Suite à la dispute, les membres du Parti républicain du peuple ont quitté la salle. Après une série de conversations, le vote a repris sans eux. Au troisième tour, 23 membres du conseil ont participé, et Sen a de nouveau mené avec 13 voix contre 10 pour Gursoy. Cette fois encore, le résultat n'a pas suffi à prendre une décision, et la procédure est passée à un quatrième et dernier tour.
Peu avant l'ouverture du tour décisif, l'agitation a éclaté.

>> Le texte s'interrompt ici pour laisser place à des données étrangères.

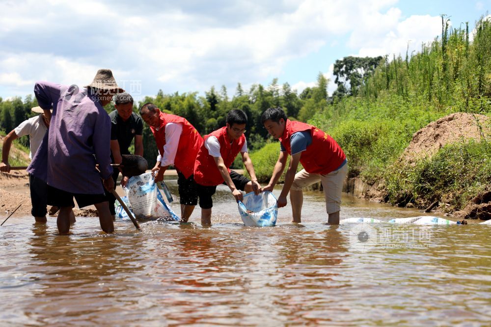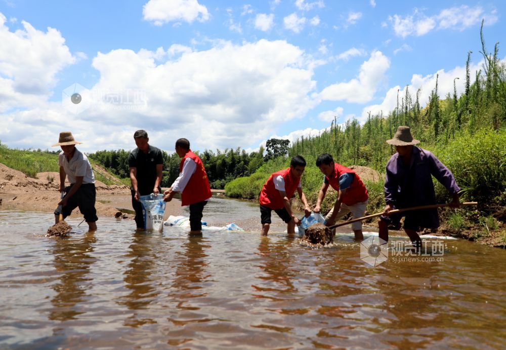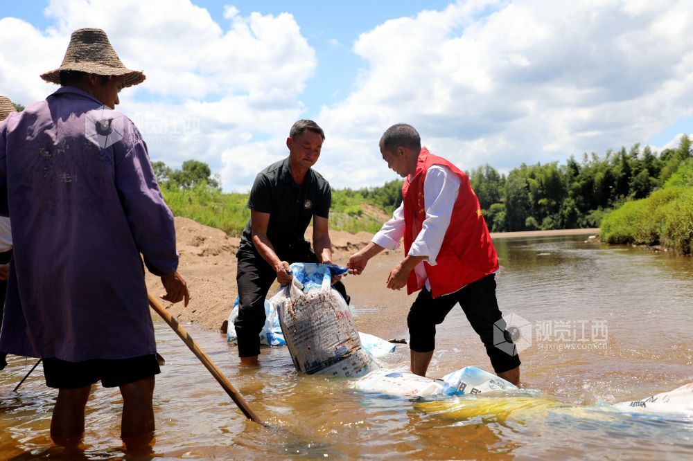 8月4日,当地人大代表与群众在鹿冈乡恩江河与罗家河交汇处构建蓄水“沙袋墙”,形成一个抗旱蓄水池,以供30KW单级双吸卧式离心泵将恩江河水倒抽到罗家河流中去,此次抽水倒灌可解决罗家村江口组、岭下等村小组1200亩水稻用水。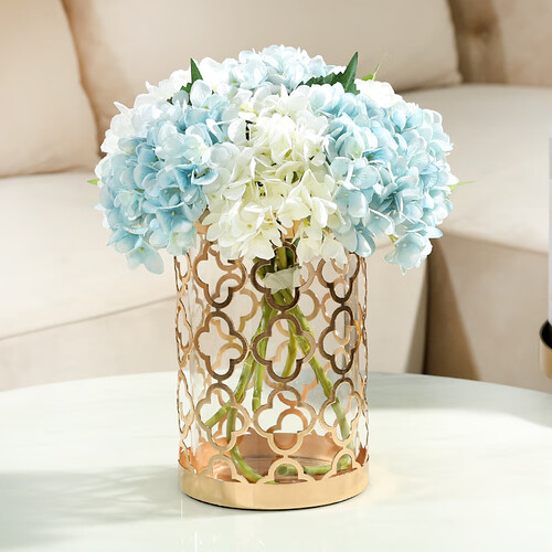 选用通透的玻璃材质,搭配金属镂空花纹点缀,丰富了整体的视觉层次感,有助提升居家格调与档次。
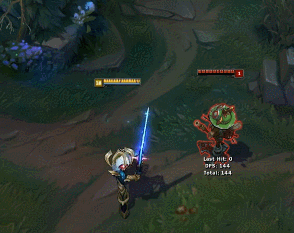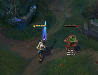 这款皮肤最大的亮点就是该Q技能的效果,非常具备宇宙的感觉。剑圣化作一道星光向目标前进,并且延续周围的至多三个敌人,以星光形态光速砍出伤害,视觉效果上剑圣的Q技能仿佛变慢了,但是从整体时间上来说都是一样的。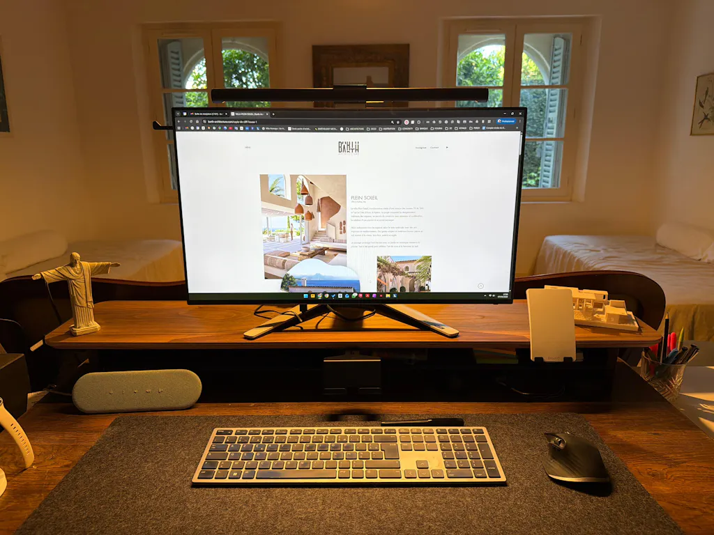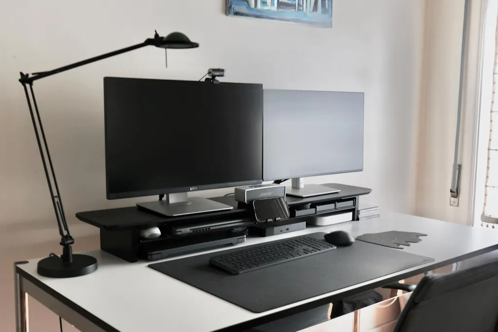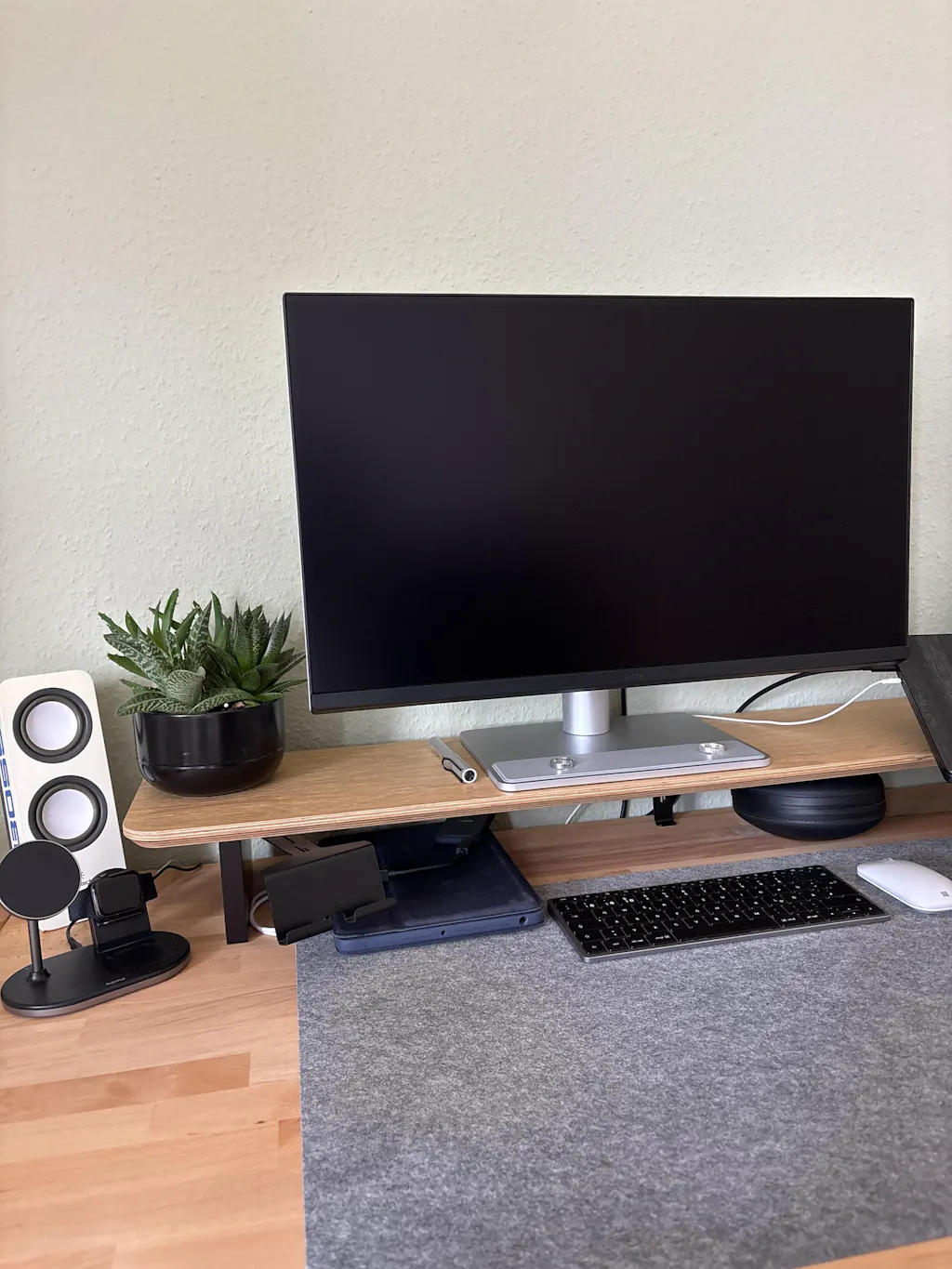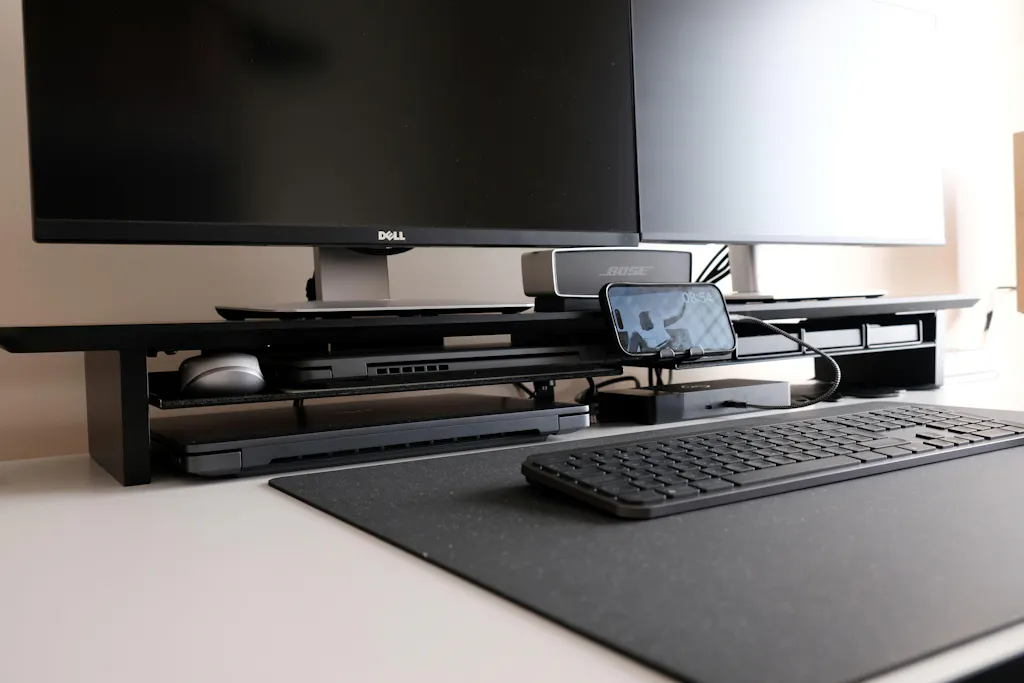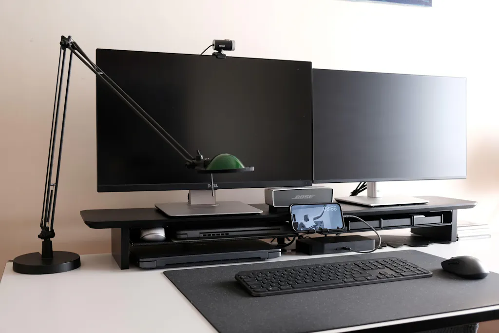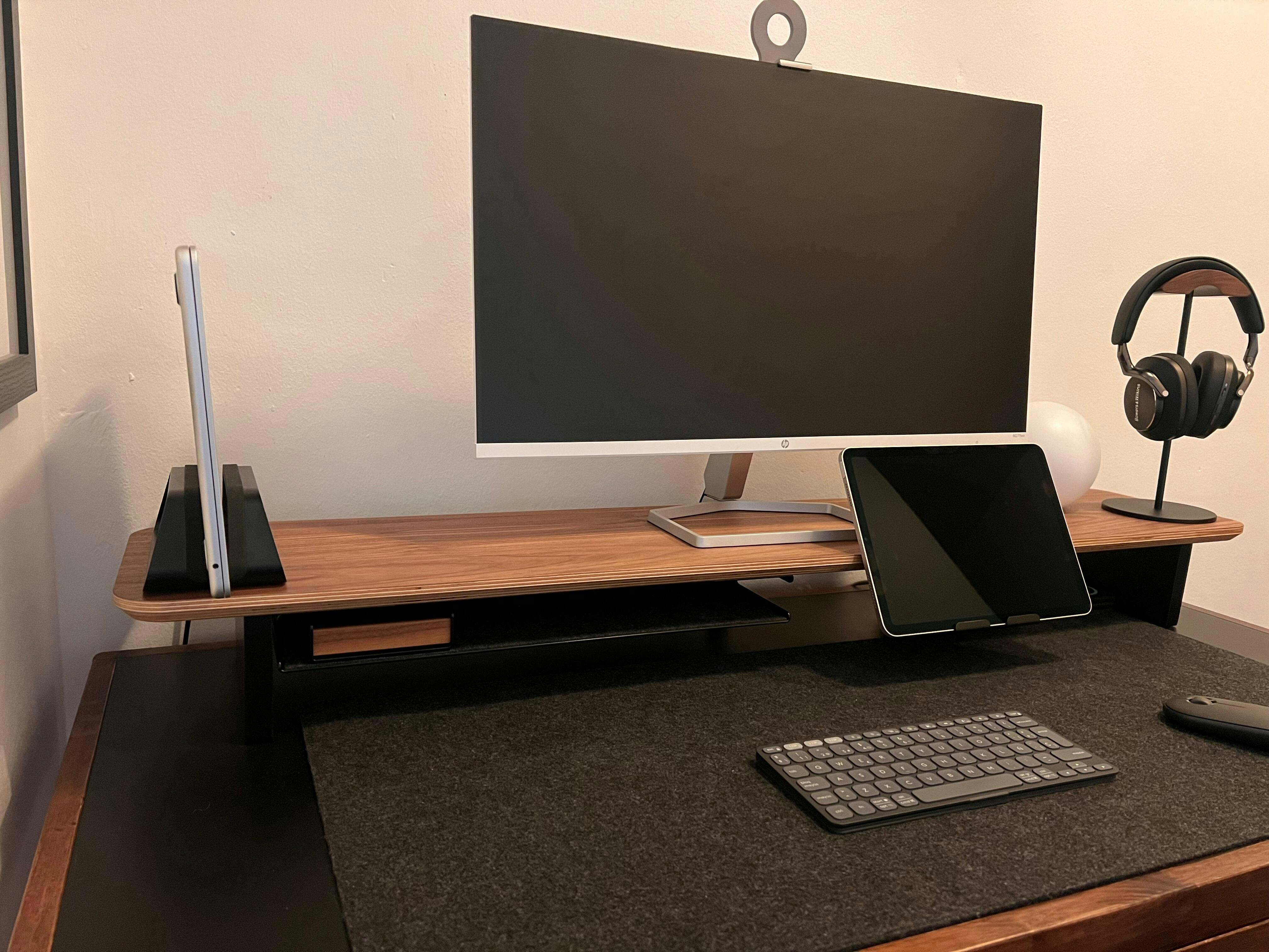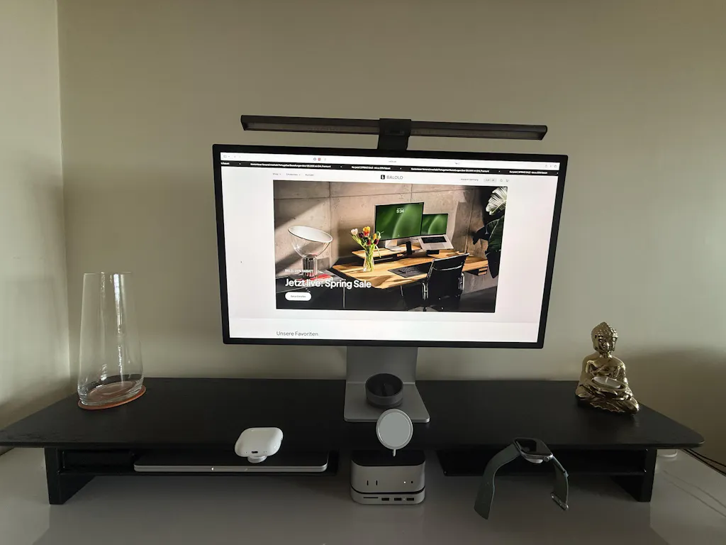 The BALOLO® Setup Cockpit is a modern monitor stand, elevating up to two screens to an ergonomic height and creating the perfect combination out of functionality and aesthetics. Manufactured in a minimalist design, the desk shelf immediately becomes the centerpiece of every desk setup and takes structure and organization to a new level.

La dispute entre les représentants des factions a dégénéré en bousculades et en échanges de coups de poing. La réunion a été temporairement interrompue jusqu'au rétablissement de l'ordre. Les vidéos de l'incident ont été rapidement diffusées dans les médias et sur les réseaux sociaux en Turquie.
Selon les rapports, le déclencheur immédiat de la bagarre était le différend sur la manière dont le vote a été mené et les voix comptées, et surtout sur les trois bulletins qui ont été invalidés au second tour. Cependant, derrière l'argument technique se posait une question politique beaucoup plus large : qui contrôlera la municipalité de Menderes après l'éviction temporaire du maire élu.
Une fois l'affrontement physique arrêté, les membres du conseil sont retournés voter. Au quatrième et dernier tour, Asuman Sen a gagné, qui, selon la plupart des rapports mis à jour, a reçu 15 voix contre 12 pour Baris Gursoy, avec un bulletin invalidé. Avec l'élection de Sen au poste de maire adjointe, la gestion de la municipalité de Menderes est effectivement passée au parti au pouvoir d'Erdogan. Ainsi s'est terminée une journée politique orageuse, qui a commencé par une procédure électorale interne et s'est terminée par une bagarre filmée et un changement significatif dans l'équilibre local des pouvoirs.